It is very strange to be a college professor when less than two years ago I was a college student. I am now the expert on the subject of oral English (even though I say things like gonna, wanna, and occasionally: y'all).
The students are very kind and eager to learn and it makes adjusting to this new place a whole lot easier. They have given me a lot of positive energy to work with, and they complete the tasks I give them without argument. They seem genuinely curious about America and how to speak the English language as an American would (so yes, sometimes I do say "gonna" in class). On the other hand, they are willing to help me as I cautiously approach the Chinese language. It is definitely a need-to-know item while in China, so they've helped me to pronounce a few words to get started. They laugh kindly when I butcher the pronunciation of Nanchang University. And they also give me great recommendations, such as the Milk Tea that I am currently trying (it's delicious by the way!)

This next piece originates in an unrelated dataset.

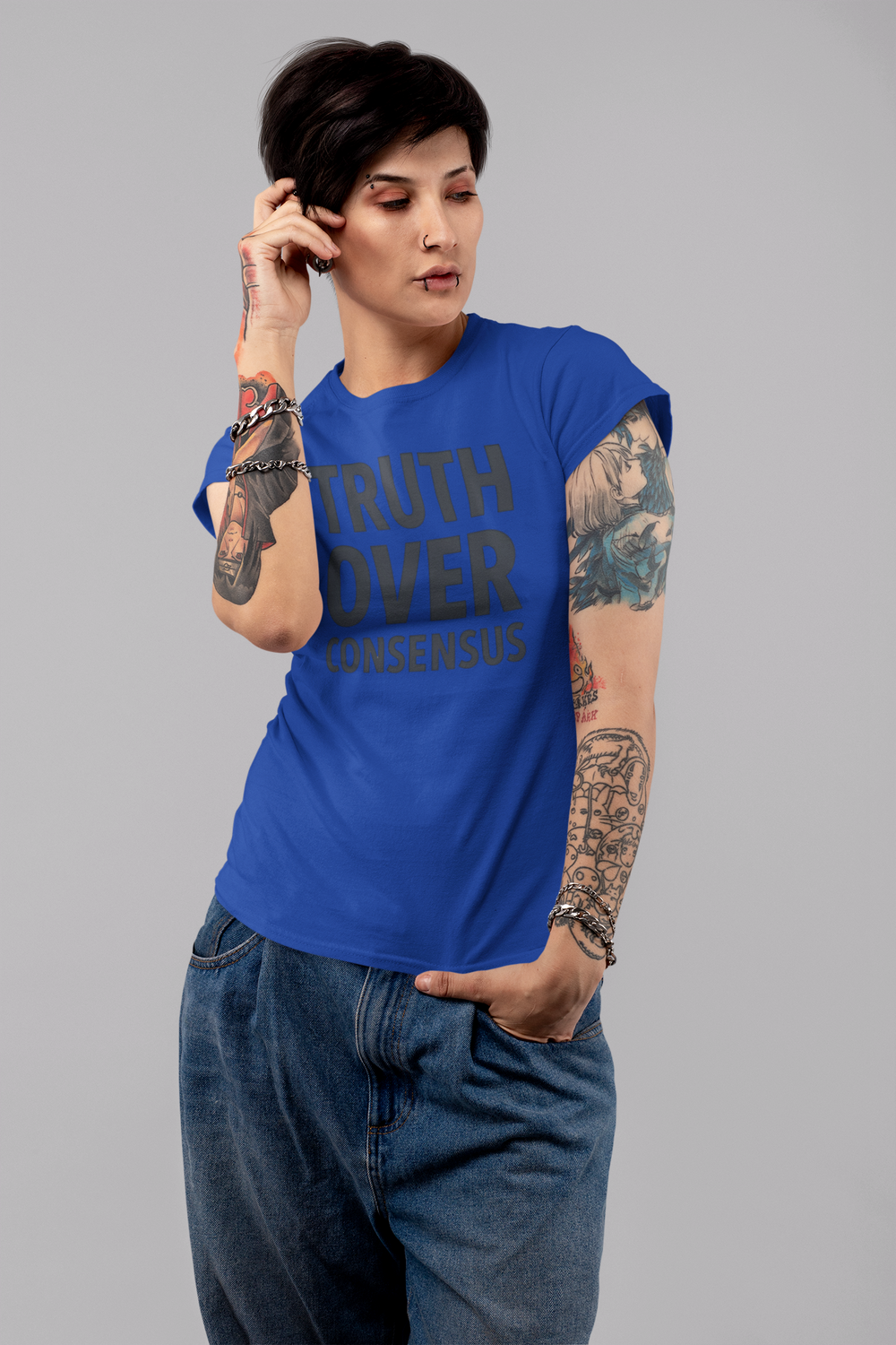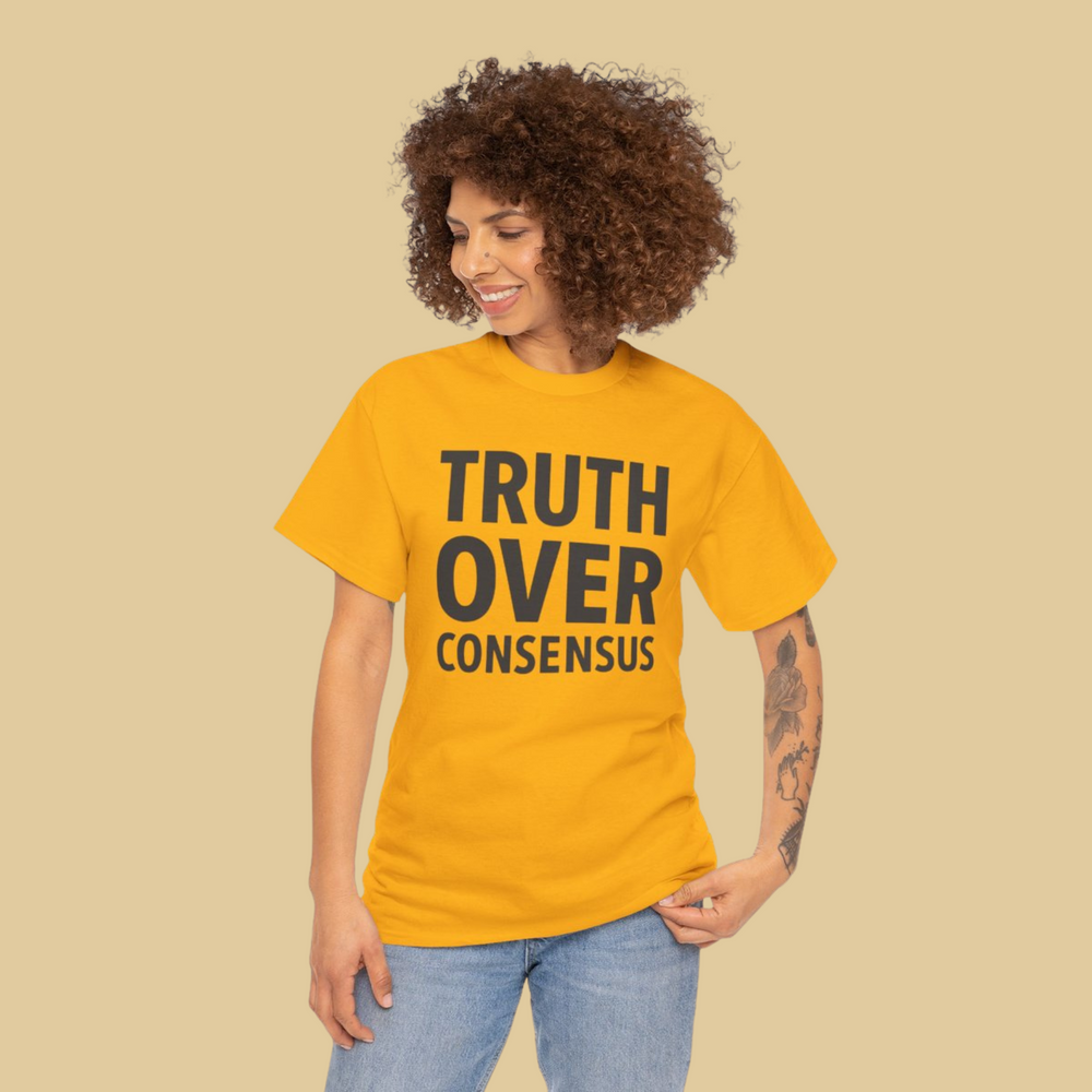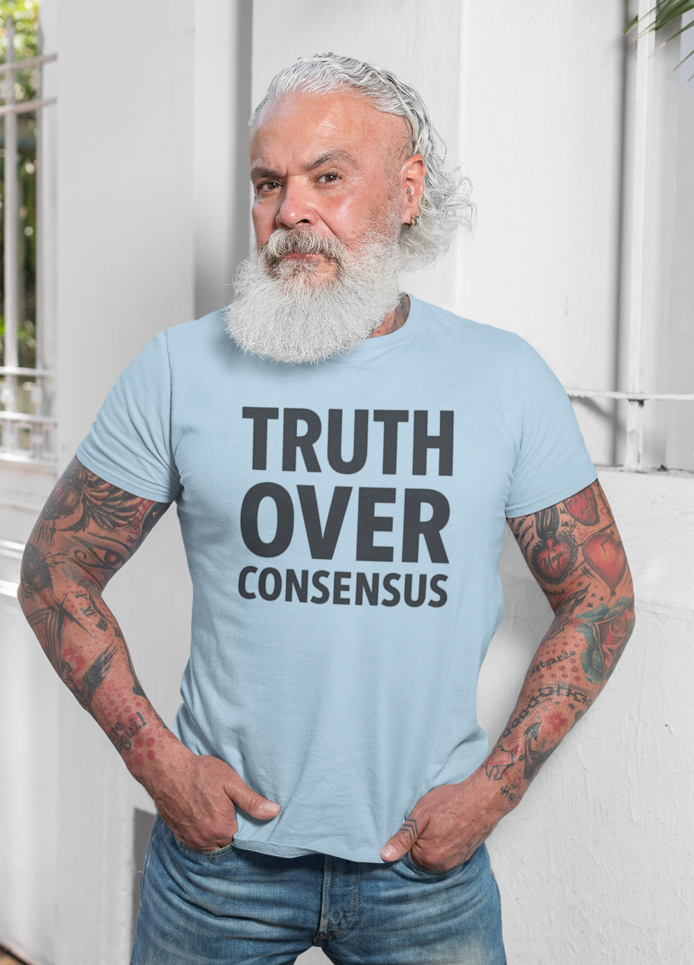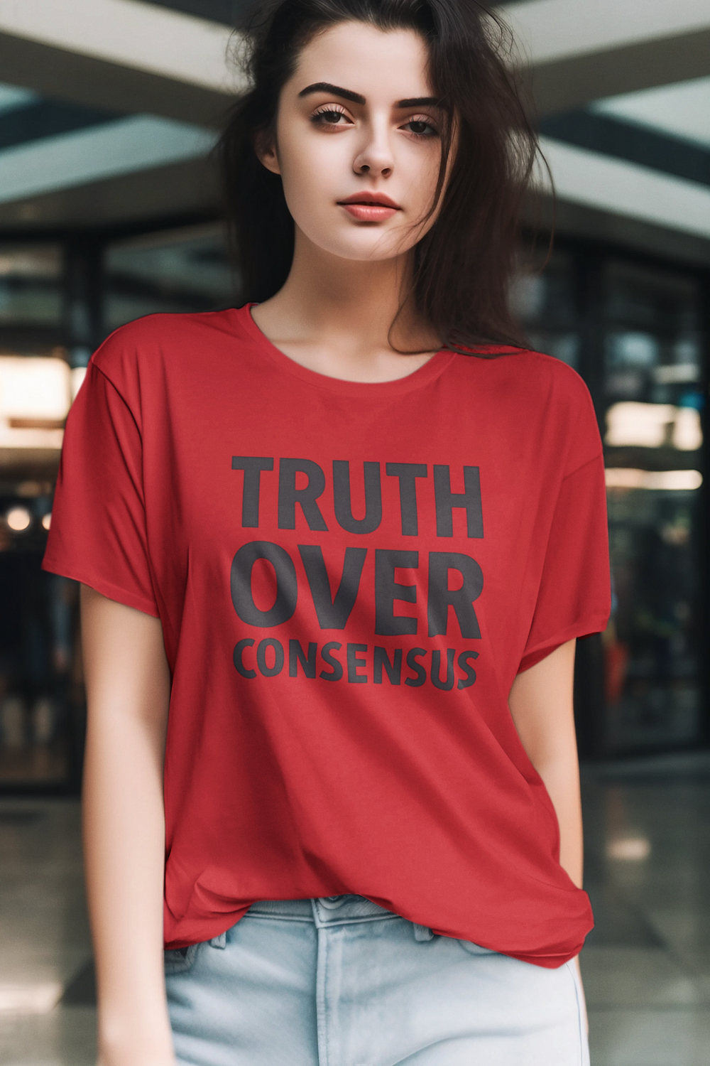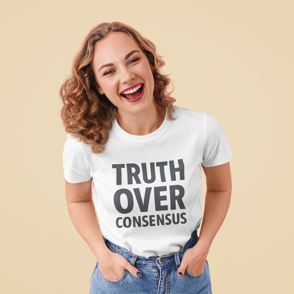 Show the world where you stand with the Truth Over Consensus T-Shirt. This bold design is perfect for free thinkers, truth seekers, and anyone who values facts over popular opinion.

It was not all butterflies and roses as I, along with my fellow co-workers, plowed through this first week of classes. We had difficulties when it came to getting classroom doors unlocked, using the technology (or lack thereof in some cases), and charging ahead without a curriculum by which to plan our lessons. Overall, I think we did very well, and I hope that our students feel that way too! Living on the other side of the world does not come without its challenges, but the experience itself may be enough to completely eclipse those small details. We have 9 months to find out!